Caroline Muegge

Alexander Kluge, “Der Luftangriff auf Halberstadt am 8. April 1945”

 

 

In his article, Walter Pape is interested in whether the war and “speziell der Bombenkrieg überhaupt” can be expressed in words, and states that this is really an aesthetic question, a question of “Wahrnehmung und der (perspektivischen) Darstellung.”  He wants to show that “Bilder bezeichnungsweise die Kategorie der ‘Anschaulichkeit’ gerade dann im historischen oder autobiographischen Erzählen eine bedeutende Rolle spielen kann, wenn die Sinngebung nur schwer über narrative Strukturen vermittelbar ist (184).”  Both of the authors that Pape examines, Bernhard and Kluge, were directly affected by the air raids, wrote about their experiences thirty years after they occurred, and make “die menschliche Wahrnehmung” a central focus of their work.  While Bernhards Ursache shows how perception and experience of the attacks and “Subjektbildung” are causally placed on top of each other, Kluge’s text clarifies the complicated network of perceiving and representing historical reality.  Pape says that Kluge does not just depict the perceptual situation for the reader, but also the process of cognition.  Citing the opening example of Frau Schrader, he shows how her senses are not attuned to the event, how she has not registered the reality of the bombing.  Kluge points many times in his text to the problem of appearance.  This access to the cognition of the characters, and the attempt to express it to the reader, who as non-participant does not have the same cognitive horizon as the character, results in a seemingly inappropriate reaction on the part of the character.  This discrepance results in “das bekannte Phänomen des Grotesken und der Komik“ (187).   Kluge also shows how a foreign, violent, unforeseen sensation disturbs the interplay of (Kant’s three) analogies (Substanz, Kausalität, Koexistenz).  He depicts experiences that are beyond human experience, yet succeeds visually and perspectively in creating a narrative “jenseits von Klischees” (188).  Just as Kluge tries to recreate the immediacy of cognition in his narration, the other materials in the text also speak directly to the reader: the quoted interview from 1952, photos, maps, and technical drawings.  “All das summiert sich zu einem Angebot an die Sinne des Lesers, an die Seelen-Tätigkeit der Analogien der Erfahrung” (188).  

 

In his article, Andreas Huyssen seeks to explain the recent German peace movement and how the German response to the Iraq war is set apart from massive opposition across Europe, namely that it “displays a curious mix of memory and forgetting” (163).  Huyssen argues that we are seeing “a kind of time-space expansion”: the present is expanded and the past looms large.  He asks what the nature of this time-space expansion is, what pasts are chosen to be incorporated into the present, and who does this choosing. 
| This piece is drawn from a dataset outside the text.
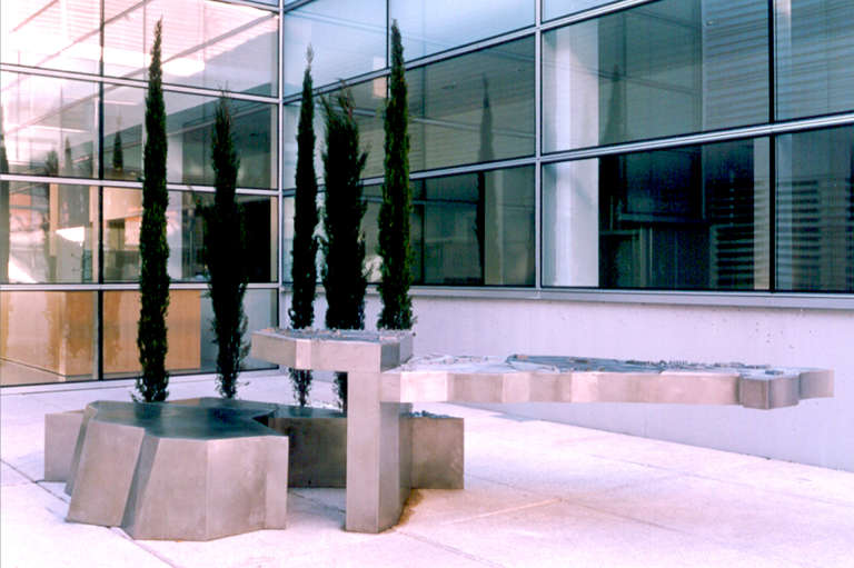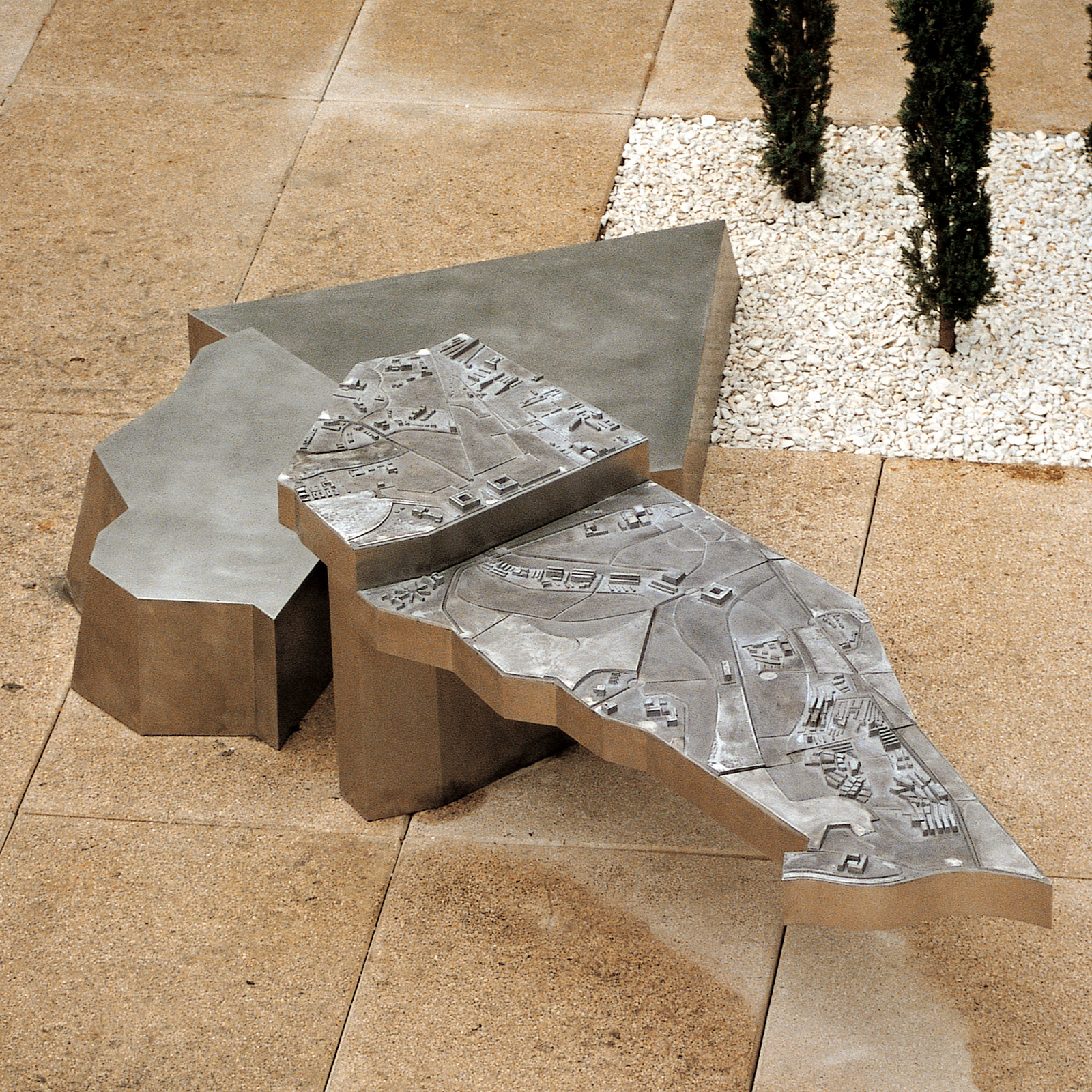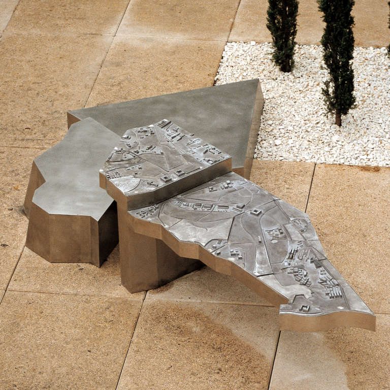 Functional Topography constitutes a metaphorical map of the Latina district, where it is located. The environment, the landscape, the history, the urban framework and the architectural constructions have been the source of inspiration for the creation of this sculptural group.

In examining the German peace movement of 2003, Huyssen notes that “for the first time, the peace movement bolstered its positions by referring directly to the experience of the strategic bombings of German cities in World War II” (164).  He points to the publication of Jörg Friedrich’s Der Brand in 2002 as an explanation of the altered memoryscape.  Huyssen argues that Friedrich structured his book similarly to Kluge’s, in that space rather than time organizes the material.  Kluge contrasted the strategy from above (production of flyers and bombs) with the strategy from below (trying to find safe shelters, surviving the fires), rather than narrating his story chronologically.  Huyssen also states that the text-image montages “operate at a documentary level, but are clearly intended to generate a strong affective response,” making “the borders between past and present more fluid, as if one shared the experience itself” (170).  Although this is a criticism of Friedrich rather than Kluge, who, according to Huyssen, maintains distance in his writing, it is worth asking what the relationship between past and present is in Kluge’s text.  And while Huyssen believes Kluge to distance himself from the reader, Pape argues that Kluge’s text is all about its immediacy to the reader.  Thus, how should we approach this distance/immediacy dynamic in Kluge’s text and how do the images play into this tension? 

 

 

Huyssen, Andreas.  „Air War Legacies: From Dresden to Baghdad.“  New German Critique 90 (2003): 163-176.

                                           

Pape, Walter.  „Mich für mein ganzes Laben verletzendes Geschehen als Erlebnis“: Die Luftangriffe auf Salzburg (1944) in Thomas Bernhards Die Ursache und Alexander Kluges Der Luftangriff auf Halberstadt am 8. April 1945.” Amsterdamer Beiträge zur Neueren Germanistik 60 (2006): 181-197.